Recorded data
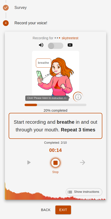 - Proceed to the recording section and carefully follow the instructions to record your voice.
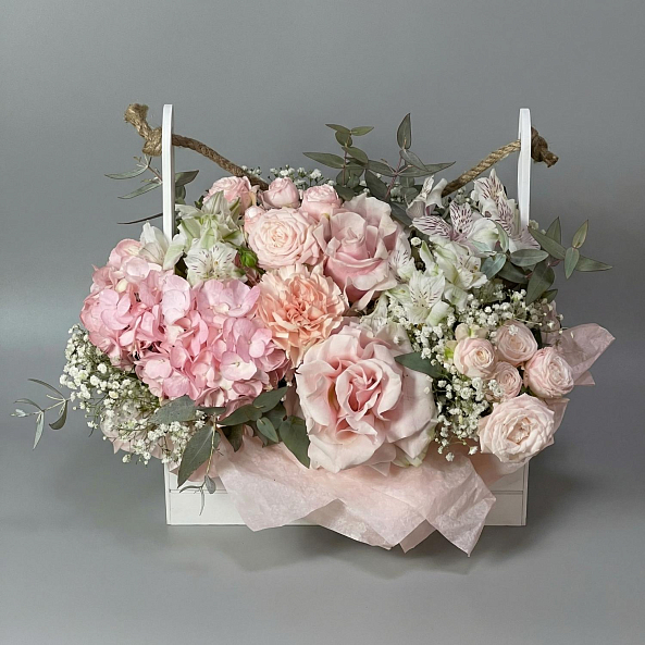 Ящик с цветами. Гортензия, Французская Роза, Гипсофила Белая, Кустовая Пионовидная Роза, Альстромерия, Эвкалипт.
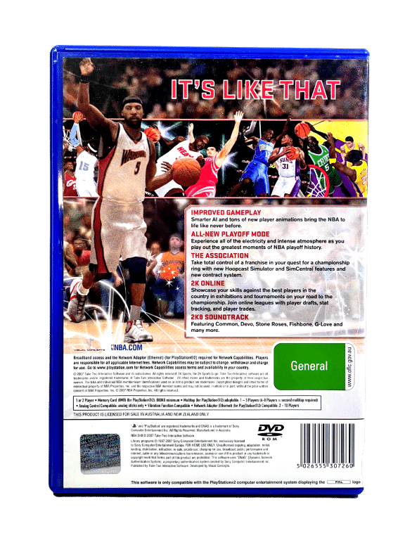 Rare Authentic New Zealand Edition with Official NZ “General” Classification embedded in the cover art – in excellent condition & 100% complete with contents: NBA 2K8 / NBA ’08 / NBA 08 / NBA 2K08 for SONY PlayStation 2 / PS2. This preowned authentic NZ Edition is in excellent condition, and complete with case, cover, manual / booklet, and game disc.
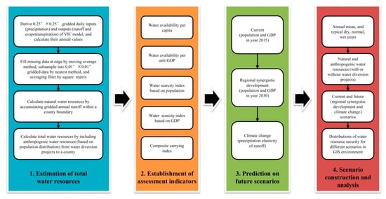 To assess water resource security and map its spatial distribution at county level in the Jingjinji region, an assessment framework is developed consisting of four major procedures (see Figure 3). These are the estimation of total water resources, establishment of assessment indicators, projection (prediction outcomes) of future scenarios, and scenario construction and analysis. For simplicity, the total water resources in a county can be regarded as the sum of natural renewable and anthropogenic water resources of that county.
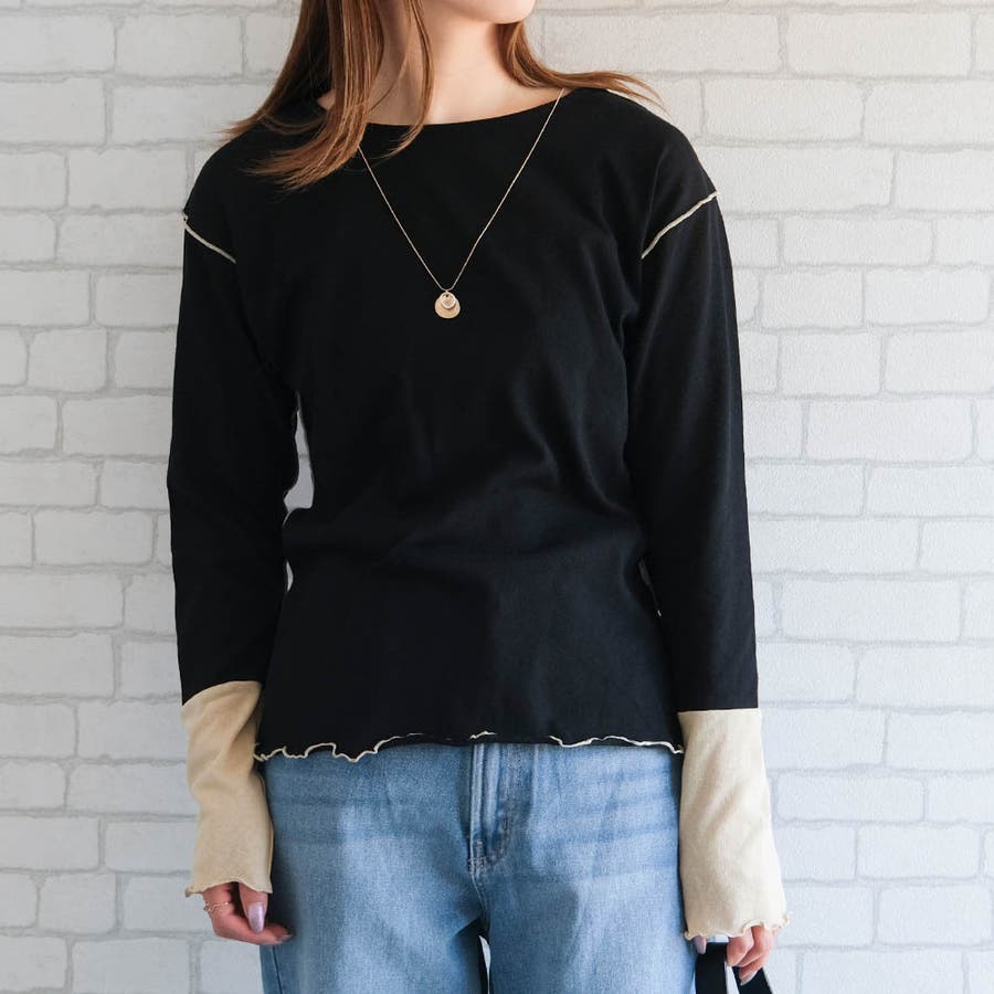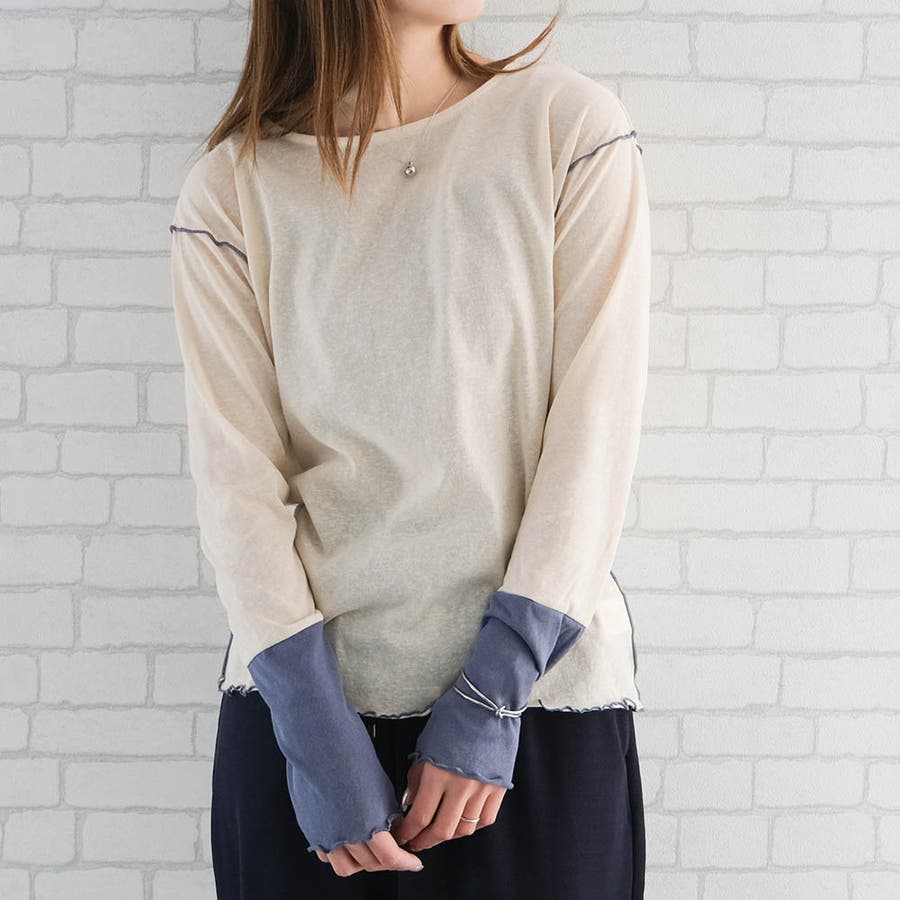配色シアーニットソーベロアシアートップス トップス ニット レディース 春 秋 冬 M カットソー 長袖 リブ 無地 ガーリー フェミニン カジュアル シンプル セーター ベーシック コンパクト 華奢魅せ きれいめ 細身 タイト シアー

## Exercise requirements
The answer must be an exact copy of the records above, with the pictures left out.

## Your solution
 - Proceed to the recording section and carefully follow the instructions to record your voice.
 Ящик с цветами. Гортензия, Французская Роза, Гипсофила Белая, Кустовая Пионовидная Роза, Альстромерия, Эвкалипт.
 Rare Authentic New Zealand Edition with Official NZ “General” Classification embedded in the cover art – in excellent condition & 100% complete with contents: NBA 2K8 / NBA ’08 / NBA 08 / NBA 2K08 for SONY PlayStation 2 / PS2. This preowned authentic NZ Edition is in excellent condition, and complete with case, cover, manual / booklet, and game disc.
 To assess water resource security and map its spatial distribution at county level in the Jingjinji region, an assessment framework is developed consisting of four major procedures (see Figure 3). These are the estimation of total water resources, establishment of assessment indicators, projection (prediction outcomes) of future scenarios, and scenario construction and analysis. For simplicity, the total water resources in a county can be regarded as the sum of natural renewable and anthropogenic water resources of that county.
配色シアーニットソーベロアシアートップス トップス ニット レディース 春 秋 冬 M カットソー 長袖 リブ 無地 ガーリー フェミニン カジュアル シンプル セーター ベーシック コンパクト 華奢魅せ きれいめ 細身 タイト シアー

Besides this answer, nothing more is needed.